Transfer information IR to binary

Hi,

I want to know if it is possible to pass information from IR to the final binary (like a constant value)?

I have a module pass in IR who make some transformation and, once the compilation is finished, I need to apply a post-processing.

The post-processing need information from the IR part.

Greetings,

Johan

What kind of constant: type, value and how is it created?

You can make public symbols that you can extract in a linker script to a special section.

Or perhaps you want some metadata that a special late state (machine instr) pass is extracting and adding.

The “best” solution really depends on what you are trying to achieve overall and what kind of data you are working with.

I will try to explain better what I do.

The main goal behind this is to verify that a part of code is not modified by someone else (it is an integrity check).

To do this, I create in IR a function who take 2 parameters, a begin and an end value.

This function perform an hash over the code area (from begin to end) and return it.

At first, I don’t know the addresses and the hash value so I put random value (it is an integer 64 bits).

The function look like uint32_t isModified(uint64_t* begin, uint64_t* end).

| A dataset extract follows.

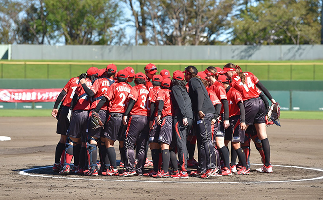 トヨタ自動車女子ソフトボール部レッドテリアーズの創立は、1948年。女子ソフトボールリーグに第一回から参戦する最古参のチームです。優勝を多数経験しており、2010年~2012年には、三連覇を果たしています。選手の数は毎年25名程度。高校、大学の強豪チーム出身の選手たちが、さらなる高みを目指してしのぎを削っています。

Once the compilation is over, I need to update the begin address, end address and the hash value.

When I say the compilation is over, I mean the clang driver has finished all of his action (compiling, linking, etc.).

Greetings,

Johan

And you want this for only SOME bits of code, and that’s why you need to have the IR report what sections are “sensitive”?

It would be fairly easy if the code you want to check is a normal functions, just store the start address of the function, and the length should be doable too at machine code level, but not IR level. If you want to check only the middle of the function, it’s a bit harder.

How are you dealing with the fact that code gets relocated during loading?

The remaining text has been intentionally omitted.